WORK TO BE COMPLETED:
First find the line with "Story Sharing Experience", then reproduce it and all following lines of the data to the end, exactly and with no pictures, adding nothing.

DATA SEGMENT:
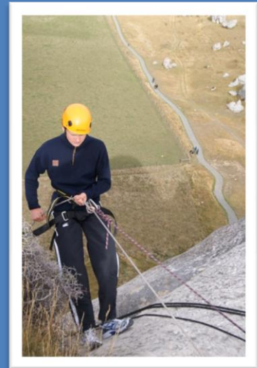
Abseilen aus 150 m im Fach Outdoor Education!

In Neuseeland ist vieles anders als in Deutschland. Schule macht Spaß, die Lehrer sind unglaublich nett und kümmern sich um jeden Schüler. Am meisten vermisse ich seit meiner Rückkehr meine Gastfamilie, meine Kiwi-Freunde und die Freundlichkeit und Herzlichkeit der Kiwis.
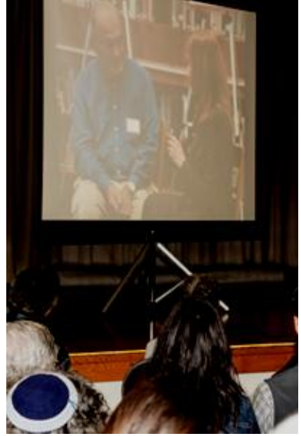
Story Sharing Experience — In dyads, with a new acquaintance A stranger or "an enemy is one whose story we have not heard."
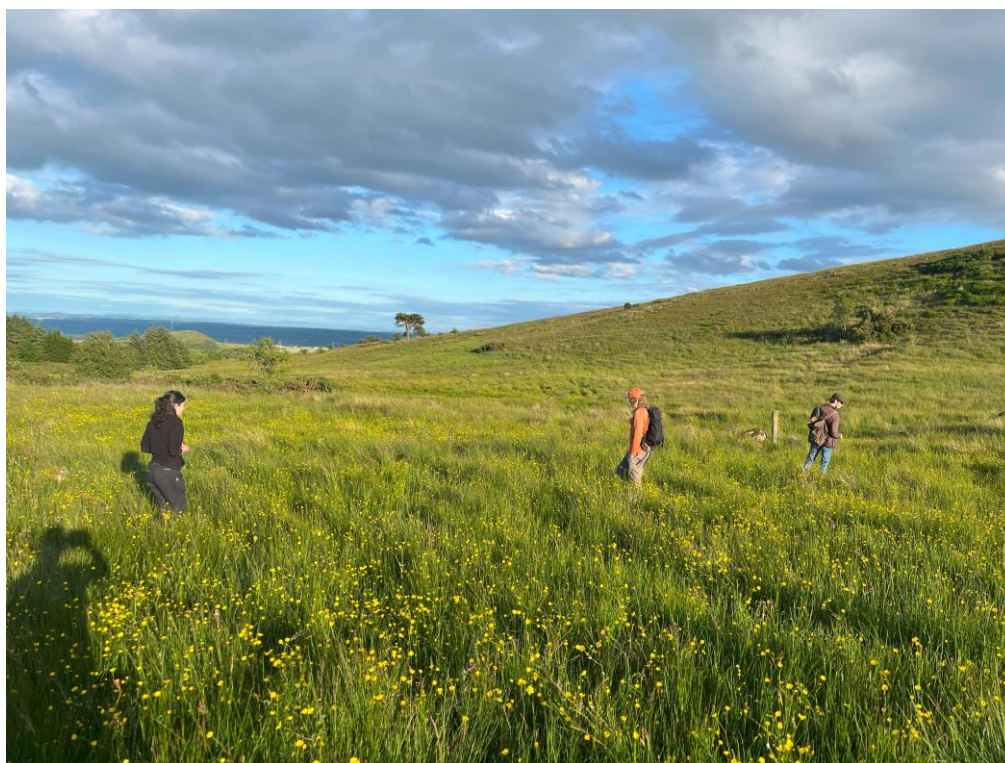
The team searching for Lesser Butterfly-orchid ( Platanthera bifolia ) in the species-rich rush-pasture

RESPONSE:
Story Sharing Experience — In dyads, with a new acquaintance A stranger or "an enemy is one whose story we have not heard."
The team searching for Lesser Butterfly-orchid ( Platanthera bifolia ) in the species-rich rush-pasture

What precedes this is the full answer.